__Data below__.
:::

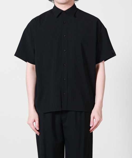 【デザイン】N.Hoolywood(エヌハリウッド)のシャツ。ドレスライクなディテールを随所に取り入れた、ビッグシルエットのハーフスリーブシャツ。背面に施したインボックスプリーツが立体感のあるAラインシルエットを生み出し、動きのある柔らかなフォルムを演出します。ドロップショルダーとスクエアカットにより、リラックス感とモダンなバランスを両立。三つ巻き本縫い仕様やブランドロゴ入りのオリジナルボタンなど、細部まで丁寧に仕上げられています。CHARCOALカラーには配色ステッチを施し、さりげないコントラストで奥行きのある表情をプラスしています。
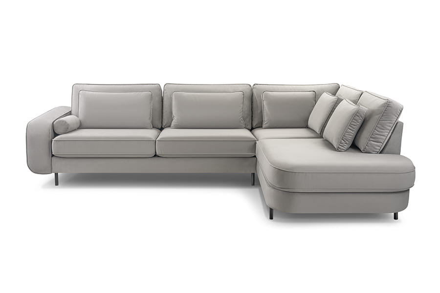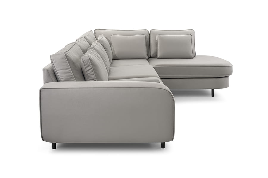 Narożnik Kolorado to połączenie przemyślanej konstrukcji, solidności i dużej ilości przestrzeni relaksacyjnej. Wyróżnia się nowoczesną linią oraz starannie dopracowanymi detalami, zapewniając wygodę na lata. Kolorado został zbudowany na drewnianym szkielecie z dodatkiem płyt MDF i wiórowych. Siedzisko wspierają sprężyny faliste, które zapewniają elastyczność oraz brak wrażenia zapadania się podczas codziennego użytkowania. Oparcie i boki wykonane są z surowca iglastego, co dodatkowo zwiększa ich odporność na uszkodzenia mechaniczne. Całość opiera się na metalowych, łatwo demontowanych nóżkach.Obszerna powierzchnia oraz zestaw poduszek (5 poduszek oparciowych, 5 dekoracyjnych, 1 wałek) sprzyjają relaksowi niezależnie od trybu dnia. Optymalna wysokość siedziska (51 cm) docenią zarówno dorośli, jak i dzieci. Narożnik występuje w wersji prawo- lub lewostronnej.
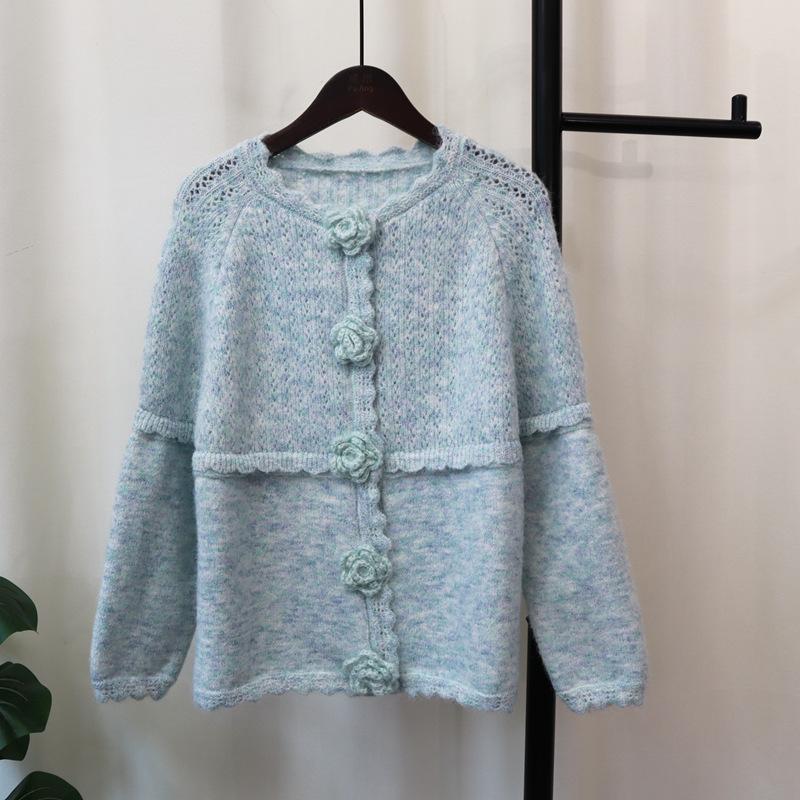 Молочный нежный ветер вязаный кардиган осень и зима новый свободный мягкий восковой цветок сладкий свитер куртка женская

:::

__Task goal__. Output the material verbatim, skipping the images.

__Problem solution__.
 【デザイン】N.Hoolywood(エヌハリウッド)のシャツ。ドレスライクなディテールを随所に取り入れた、ビッグシルエットのハーフスリーブシャツ。背面に施したインボックスプリーツが立体感のあるAラインシルエットを生み出し、動きのある柔らかなフォルムを演出します。ドロップショルダーとスクエアカットにより、リラックス感とモダンなバランスを両立。三つ巻き本縫い仕様やブランドロゴ入りのオリジナルボタンなど、細部まで丁寧に仕上げられています。CHARCOALカラーには配色ステッチを施し、さりげないコントラストで奥行きのある表情をプラスしています。
 Narożnik Kolorado to połączenie przemyślanej konstrukcji, solidności i dużej ilości przestrzeni relaksacyjnej. Wyróżnia się nowoczesną linią oraz starannie dopracowanymi detalami, zapewniając wygodę na lata. Kolorado został zbudowany na drewnianym szkielecie z dodatkiem płyt MDF i wiórowych. Siedzisko wspierają sprężyny faliste, które zapewniają elastyczność oraz brak wrażenia zapadania się podczas codziennego użytkowania. Oparcie i boki wykonane są z surowca iglastego, co dodatkowo zwiększa ich odporność na uszkodzenia mechaniczne. Całość opiera się na metalowych, łatwo demontowanych nóżkach.Obszerna powierzchnia oraz zestaw poduszek (5 poduszek oparciowych, 5 dekoracyjnych, 1 wałek) sprzyjają relaksowi niezależnie od trybu dnia. Optymalna wysokość siedziska (51 cm) docenią zarówno dorośli, jak i dzieci. Narożnik występuje w wersji prawo- lub lewostronnej.
 Молочный нежный ветер вязаный кардиган осень и зима новый свободный мягкий восковой цветок сладкий свитер куртка женская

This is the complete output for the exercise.